Some of the most commonly stated benefits of lock-free synchronisation are:
- Efficiency benefits compared to lock-based algorithms for some workloads, including potential scalability benefits on multiprocessor machines.
- Support for concurrent update to shared data structures even when locks aren’t available (e.g. in interrupt handlers etc.)
- Avoidance of priority inversion in real-time systems.
A significant benefit of lock (or wait)-freedom for real-time systems is that by avoiding locks the potential for priority inversion is avoided. Solutions for avoiding priority inversion usually involve special real-time process schedulers. On platforms where a real-time scheduler is not present, lock-free data structures provide an opportunity to sidestep the hazards of interlocking with the scheduler.
With the exception of a uniprocessor implementation of a single-reader single-writer ring buffer FIFO, all the lock-free algorithms which I have encountered require the use of special atomic processor instructions such as CAS (compare and swap) or LL/SC (load linked/store conditional). Furthermore, the correct implementation of these algorithms also requires an understanding of the use of memory barriers to force the order of some memory reads and writes on multiprocessor systems. This is because memory controllers may reorder reads and writes as observed by other processors on an multiprocessor system (or by prehipherals on a uniprocessor system).

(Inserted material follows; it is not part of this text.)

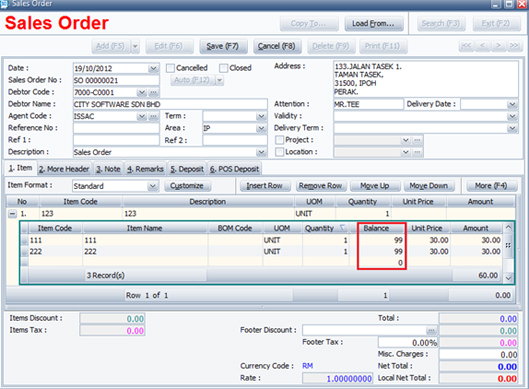 click the"B"button to select item code, after select you can view the stock balance at bottom.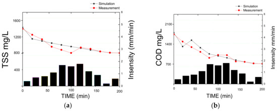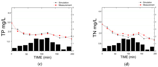 The runoff quality was conducted after completion of LCTIP in July 2016. There are 2 rainwater collection points, a rain gauge set on the rooftop of a building, and one rain barrel set onsite. In addition, 3 runoff collection outlets were established on the site, which allowed for the sampling of runoff waters and the determination of pollutant concentrations and loads. Based on water quality analyses conducted between 3 March to 7 December 2017, the mean pollutant loading from runoff is 3.07 mg L−1 for TSS, 21.09 mg L−1 for COD, 0.93 mg L−1 for TP, and 3.88 mg L−1 for TN. These data were used as input for the SWMM simulation. Two independent rainfall events occurring at 14:20 on 15 July 2017, and at 16:20 on 23 August 2017, were used for model calibration of water quality (Figure 2). The outlet water quality monitoring results are shown in Figure 6.

Lock free structures in computer music
One example of a context that can benefit from lock-free synchronisation is the desktop digital audio domain. Commodity operating systems such as Microsoft Windows and Macintosh OS-X do not provide real-time schedulers, yet there is often a requirement for concurrent access to shared data structures accross separate threads maintaining a GUI, performing real-time audio rendering, and performing disk and network i/o.
Lock-free data structures are not unknown in the computer music world. For example the venerable single-reader single-writer atomic ring buffer FIFO is found in many systems including PortAudio, PortMidi, and SuperCollider. More complex data structures such as node-based lock free queues are found in MidiShare (see also post to LAD). JACK also cites some lock-free publications although it is not clear if it uses them. Serpent uses lock-free data structures. JSyn uses lock-free FIFOs and singly-linked-lists.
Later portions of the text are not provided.